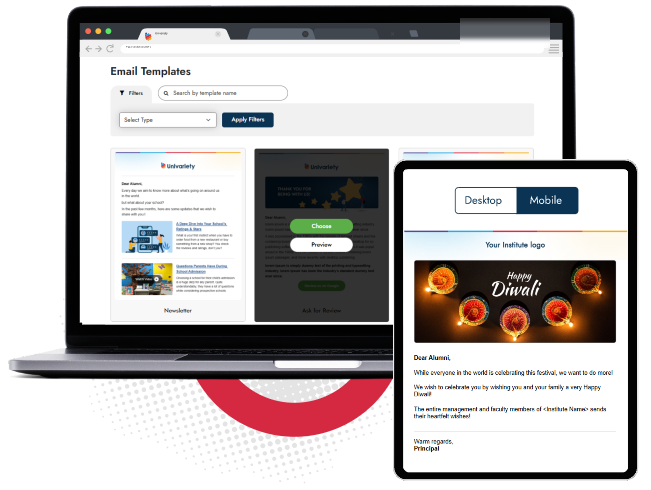 With our pre-built poster templates you can pick the alumni success stories from the platform and convert them into images compatible for printed posters or soft copy version for display on LED screens in your campus.
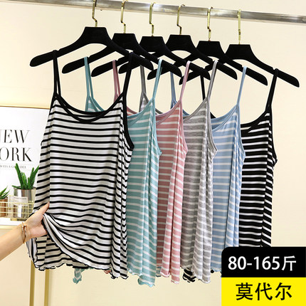 莫代尔条纹吊带背心夏季内搭圆领无袖上衣女休闲大码可外穿T恤衫
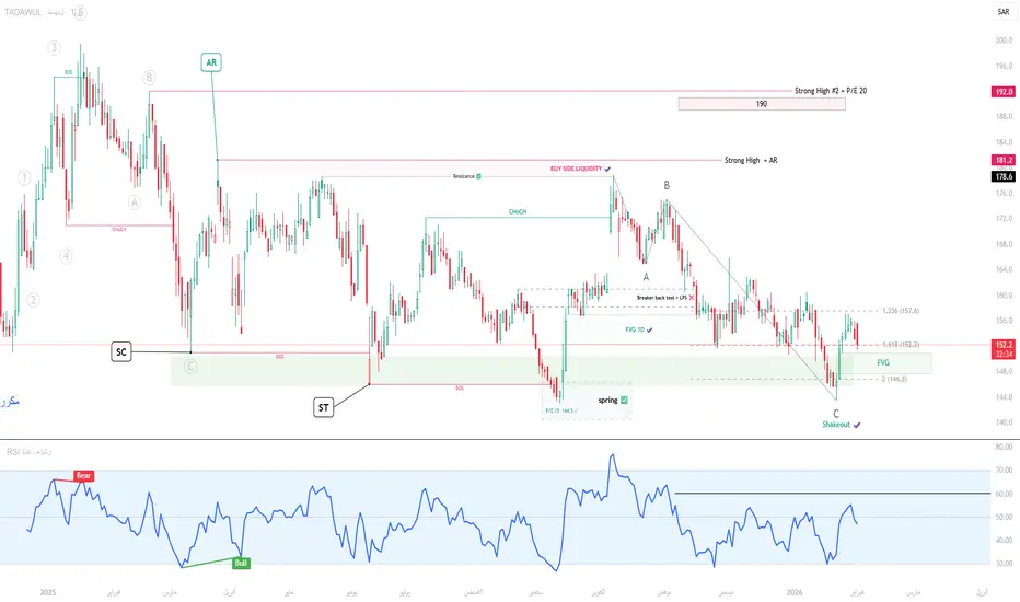 - و اتى بعد ذلك رد فعل سلبي عند اعلان نتائج المالية للربع الرابع و دخلنا في مرحلة هز الثقة وادى الى تدافع بيعي مثل ما توقعنا و ادى الى shakeout ومن ثم تجميع وفق التوقع ✅.
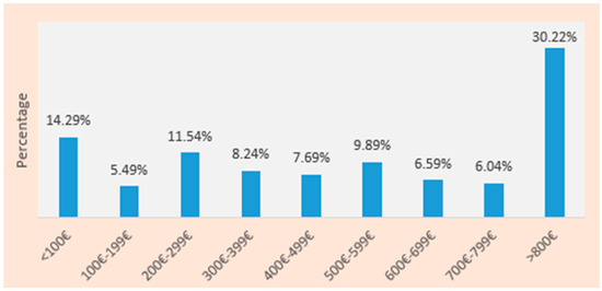 Besides the length of stay, it is important to investigate the variables that describe the intention to spend and most importantly the size of the tourist expenditure for 2023. Thirty percent of respondents answered they would spend EUR 800, which was 31% higher than what was stated in 2021 and 4% higher than what was stated in 2022. Moreover, 14% answered they would spend less than EUR 100, 12% stated they would spend in the range EUR 200–299, 10% would spend in the range of EUR 500–599, 8% would spend EUR 300–399, 8% would spend EUR 400–499, 7% would spend EUR 600–699, 6% would spend EUR 700–799 and 5% would spend EUR 100–199. These answers did not change significantly across the three studied years (2021, 2022 and 2023). The expenditure frequency is shown in Figure 4.

* TASK REQUIREMENTS *
All lines above starting at the one with "莫代尔条纹吊带背心夏季内搭圆领无袖上衣女休闲大码可外穿T恤衫" and ending at the one with "- و اتى بعد", inclusive, are to be printed again exactly, with the pictures left out.

* ANSWER SPACE *
 莫代尔条纹吊带背心夏季内搭圆领无袖上衣女休闲大码可外穿T恤衫
 - و اتى بعد ذلك رد فعل سلبي عند اعلان نتائج المالية للربع الرابع و دخلنا في مرحلة هز الثقة وادى الى تدافع بيعي مثل ما توقعنا و ادى الى shakeout ومن ثم تجميع وفق التوقع ✅.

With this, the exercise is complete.